Customer Story

Statistical methods, vital for an ‘engineering world’

ASM utilizes statistical methods companywide to be more effective and efficient

ASM International

ASM International

ChallengeEnable customers to meet market demand for ever-shrinking, higher-performance device structures at a competitive price.
SolutionFurther develop and improve data gathering and analysis techniques, processes and frameworks to better understand both product and processes across all facets of a dynamic high-tech semiconductor manufacturing supplier.
ResultsASM sees great results in regard to efficiency and effectiveness: “We have a much deeper understanding and are able to work much faster thanks to JMP (software)’s visual approach to statistically backed data analysis.”

Integrated circuit transistor count is said to follow Moore’s law, That is, the number of transistors that can be installed on a circuit doubles about every two years. The demand for this level of growth in complexity presents evolving challenges for the entire semiconductor supply chain.

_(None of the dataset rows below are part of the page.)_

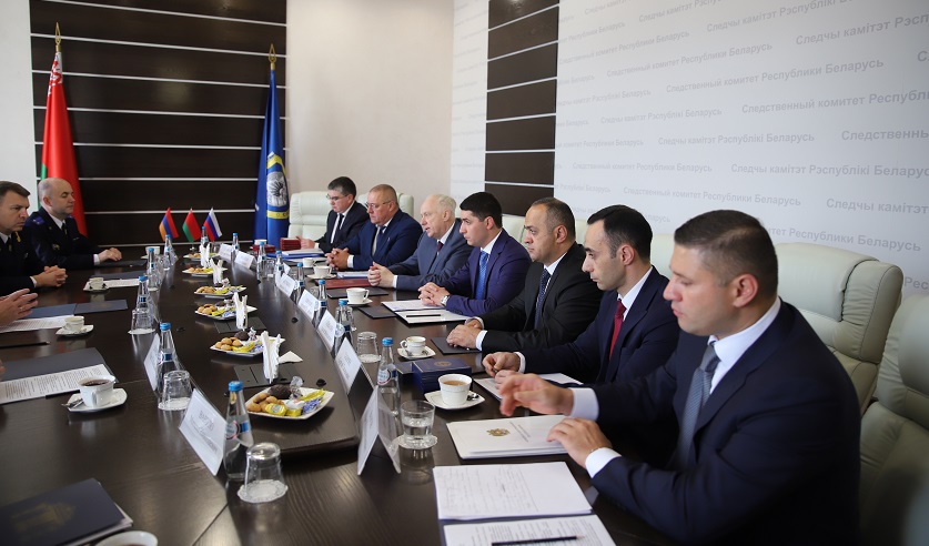 В рамках программы визита состоялась трехсторонняя встреча российской и армянской делегаций с руководством следственного ведомства Беларуси, в ходе которой обсуждались актуальные вопросы сотрудничества в сфере досудебного уголовного производства, расследования киберпреступлений.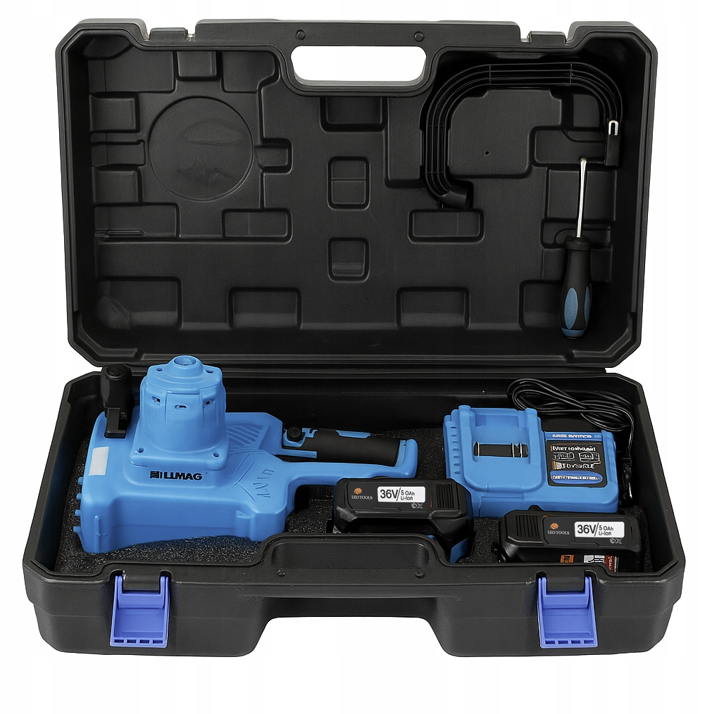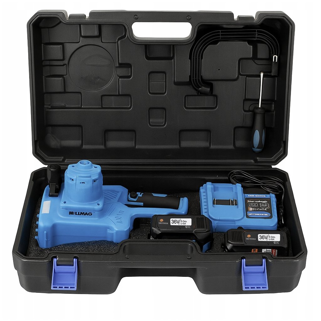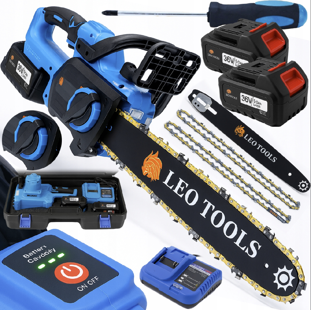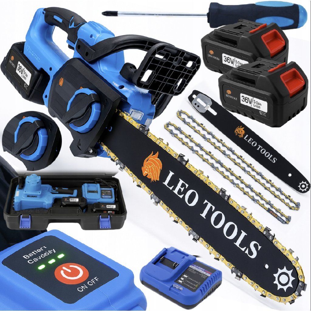 - Aku řetězová pila 36 V – 30 cm lišta, 2× 5 Ah baterie, LCD displej, kufr – výkon, přesnost a pohodlné ovládání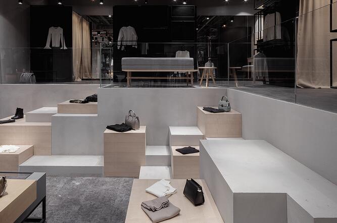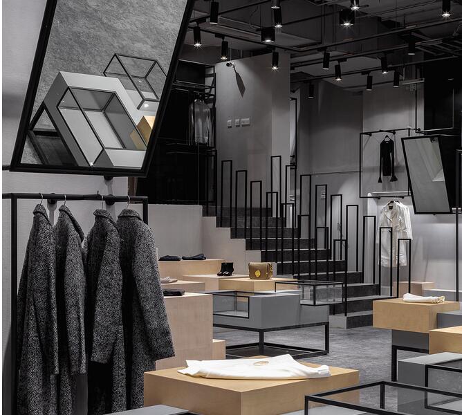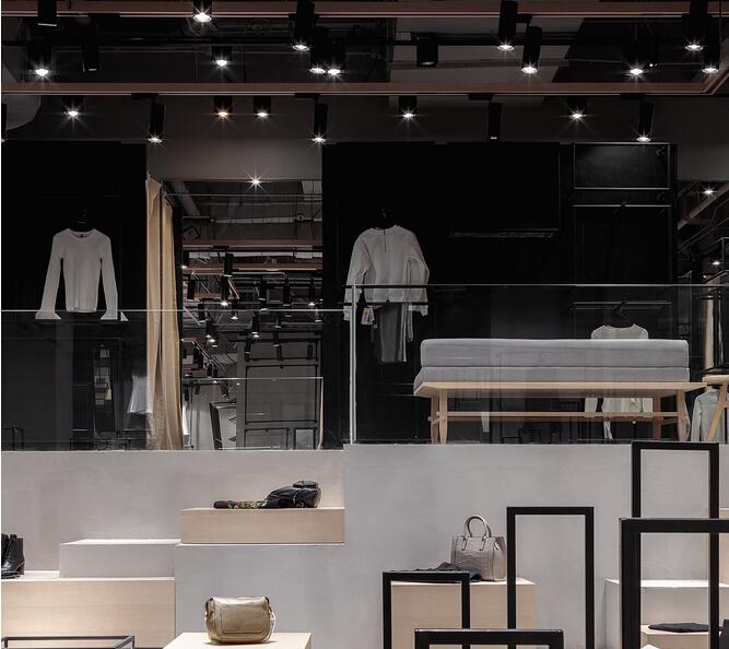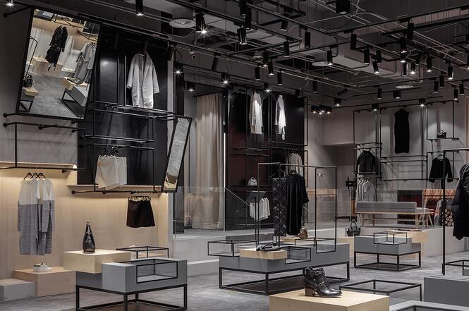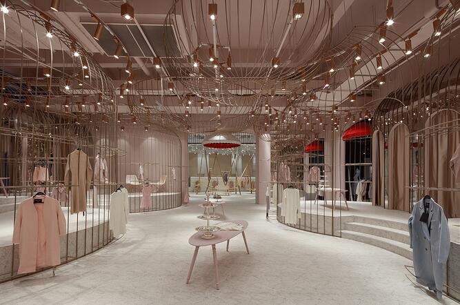 設(shè)計師整合了女裝品牌四大類型服裝背后的社會與文化含義通過四個空間的不同的設(shè)計手法來演繹了女裝背后的穿衣哲學(xué)并且通過多種陳列的可能性創(chuàng)造了全新的購買體驗感。

ASM International, a leading global manufacturer of wafer processing technologies, is working tirelessly to advance what is possible in integrated circuit manufacturing. Thanks to ASM’s innovations over its nearly 50-year history, semiconductor manufacturers worldwide have been able to shrink and innovate transistors for computer, smartphone and home electronic devices that are smaller, faster and more powerful than ever before.

With such a robust R&D backbone, it’s no surprise that ASM is an organization dominated by engineers. “We live in an engineering world,” says Paul Deen, Statistical Methods Program Manager at ASM. “We start with the skills people learn in university for doing our process and hardware development.” To be competitive in their development, ASM continuously adopts new techniques and standardizes these globally. “To be most effective, efficient and complete in our experimentation and process understanding we need people with a background in chemistry, physics or engineering who also fully use the power of statistical methods.”

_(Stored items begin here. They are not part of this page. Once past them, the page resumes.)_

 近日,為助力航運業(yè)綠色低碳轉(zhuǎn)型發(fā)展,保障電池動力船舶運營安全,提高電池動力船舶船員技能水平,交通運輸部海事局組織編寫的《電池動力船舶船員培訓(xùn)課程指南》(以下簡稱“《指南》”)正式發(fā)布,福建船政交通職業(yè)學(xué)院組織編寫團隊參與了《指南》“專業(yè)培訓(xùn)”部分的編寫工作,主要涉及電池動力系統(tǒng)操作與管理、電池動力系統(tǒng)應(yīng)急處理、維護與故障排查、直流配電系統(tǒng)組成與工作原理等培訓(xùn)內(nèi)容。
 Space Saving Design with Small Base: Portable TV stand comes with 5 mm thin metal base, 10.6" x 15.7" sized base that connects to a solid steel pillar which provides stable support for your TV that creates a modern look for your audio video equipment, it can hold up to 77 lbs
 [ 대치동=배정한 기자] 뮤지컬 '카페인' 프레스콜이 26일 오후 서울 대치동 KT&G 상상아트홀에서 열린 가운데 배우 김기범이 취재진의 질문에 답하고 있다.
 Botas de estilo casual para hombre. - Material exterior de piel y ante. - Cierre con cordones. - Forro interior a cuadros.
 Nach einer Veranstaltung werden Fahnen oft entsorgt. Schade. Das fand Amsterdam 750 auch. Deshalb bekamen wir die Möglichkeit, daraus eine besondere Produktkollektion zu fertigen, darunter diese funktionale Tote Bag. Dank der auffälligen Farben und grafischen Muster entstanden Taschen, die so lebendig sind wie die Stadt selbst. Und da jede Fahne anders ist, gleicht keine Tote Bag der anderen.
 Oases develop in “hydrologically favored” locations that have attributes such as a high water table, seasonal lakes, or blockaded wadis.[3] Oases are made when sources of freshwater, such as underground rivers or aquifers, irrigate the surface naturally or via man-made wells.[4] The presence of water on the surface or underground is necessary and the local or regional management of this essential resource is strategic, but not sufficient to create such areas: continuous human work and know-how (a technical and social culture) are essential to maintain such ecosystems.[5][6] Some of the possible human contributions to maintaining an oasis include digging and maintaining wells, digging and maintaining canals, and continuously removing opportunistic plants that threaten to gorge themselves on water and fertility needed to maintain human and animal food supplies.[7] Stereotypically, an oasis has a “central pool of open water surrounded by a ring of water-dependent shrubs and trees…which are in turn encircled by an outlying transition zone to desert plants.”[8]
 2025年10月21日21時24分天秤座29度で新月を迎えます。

Deen, a mechanical engineer by education, serves as the program manager and quantitative consultant for a broad array of internal clients and projects. By taking a proactive interest in data-driven product development and process control across the company, Deen helps the entire operation elevate its capabilities and performance.

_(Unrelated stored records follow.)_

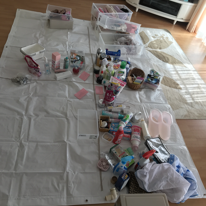 1. 敷物(レジャーシートやバスタオル)を床やテーブルに敷きます。
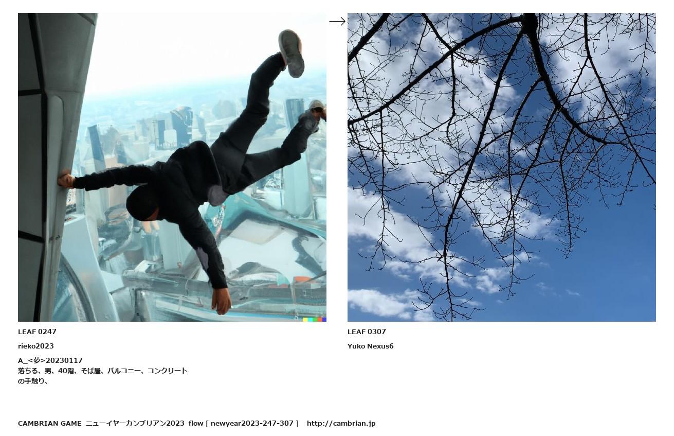 LEAF 0223フローに加えるLEAF 0247rieko2023A_<夢>20230117落ちる、男、40階、そば屋、バルコニー、コンクリートの手触り、↑ここから上をフローから外す↓ここから下をフローから外すLEAF 0307Yuko Nexus6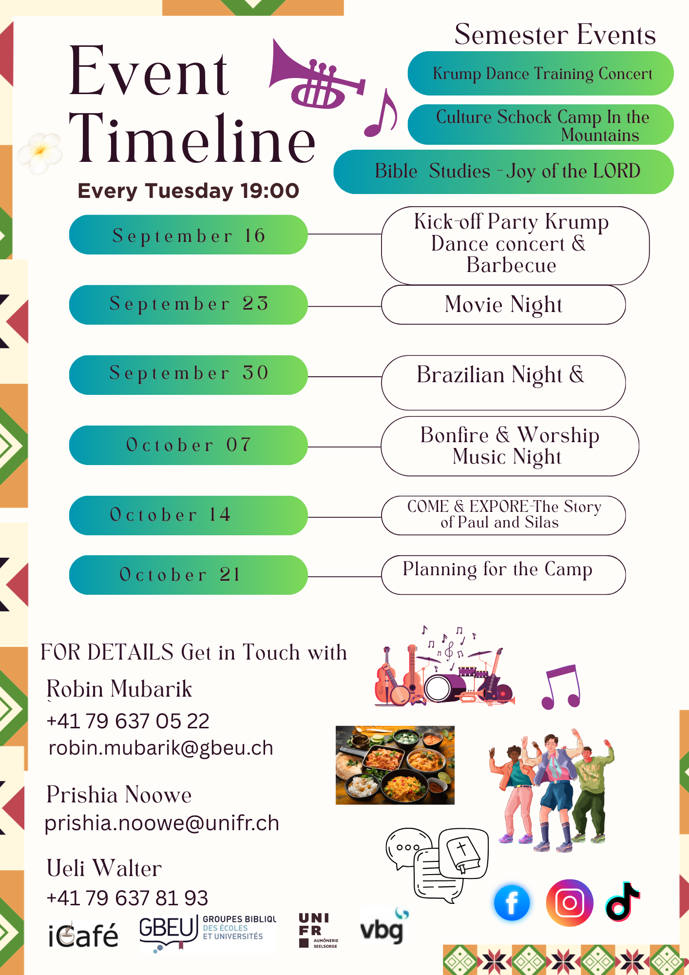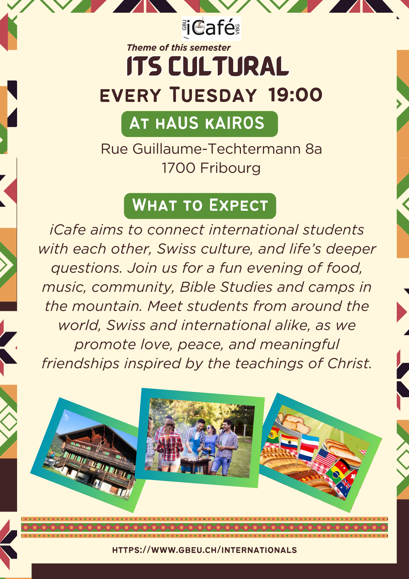 In unseren Gruppentreffen, Camps und Kursen sind alle Menschen willkommen. Unsere Spiritualität orientiert sich an verschiedenen christlichen Traditionen und fusst auf dem altchristlichen Glaubensbekenntnis.Im Haus Kairos finden regelmässig die Treffen der internationalen englischsprachigen Gruppe von VBG/GBU statt:Ihr könnt euch auf die nächsten Termine von iCafé im Haus Kairos freuen:jeden Dienstag um 19 UhrHaus Kairos, Rue Techtermann 8a

‘Make us more effective and efficient – that’s my mandate’

“When I joined this key ASM program, I saw an opportunity to truly impact the way we work,” Deen says. “Our program improves all areas of our company; examples include the way we do product and chemistry development, hardware tolerancing, product reliability improvement, test plan optimization, supply chain development and ongoing services and operational performance optimization. As we touch more areas of the company, the need for data grows with it. We flow from one part of the organization to another and take away barriers to gain a more holistic understanding of what is happening in our products. That allows us to improve those systems and better meet our customers’ requirements.”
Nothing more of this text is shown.